In Too Heavy For Your Pocket two couples contemplate justice, love, and their responsibility in rural Tennessee during the Civil Rights Movement.
“I’m thrilled that Too Heavy for Your Pocket has been chosen as the 2017 Laurents/Hatcher Foundation Award recipient,” Roundabout Theatre Company’s artistic director/CEO Todd Haimes said in a press statement. “This award is truly life-changing for a playwright, and he richly deserves it. The committee has recognized, in him and this play, a unique voice—and an impressive achievement in playwriting. It’s difficult to capture both emotional vibrancy and historical authenticity in a period play, but in Too Heavy for Your Pocket, Jiréh has found a way. His writing is beautiful, his story powerful, and his characters unforgettable. I’m looking forward to having the play on our stage next season.” Performance dates, casting, and the creative team have not yet been announced.

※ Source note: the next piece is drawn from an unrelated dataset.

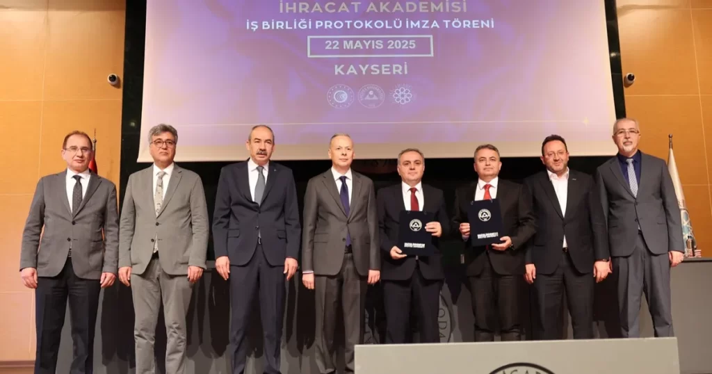 Erciyes Üniversitesi ve İhracat Akademisi Eğitim Hizmetleri Anonim Şirketi arasında, Ticaret Bakanlığı ile Yükseköğrenim Kurulu koordinasyonunda hayata geçirilen “İhracat Akademisi” Projesi kapsamında iş birliği protokolü Kayseri Ticaret Odası’nda imzalandı.

Prior to receiving his MFA in Playwriting from the Yale School of Drama in 2016, Holder served as the Kenny Leon Fellow at the Tony-winning Alliance Theatre and co-founded Pyramid Theatre Company in Des Moines, Iowa. He is currently the Playwriting Fellow of the Department of Theatre and Creative Writing at Emory University.
“Our panel unanimously felt the enormous skill and power of Jiréh Breon Holder’s play. It’s a most worthy recipient of this award,” added David Saint, president of the Laurents Hatcher Foundation. In addition to the annual prize, the Foundation also awarded Citations of Excellence to Bekah Brunstetter for her play The Cake, and Mat Smart for Eden Prairie, 1971. Brunstetter and Smart will each receive $15,000.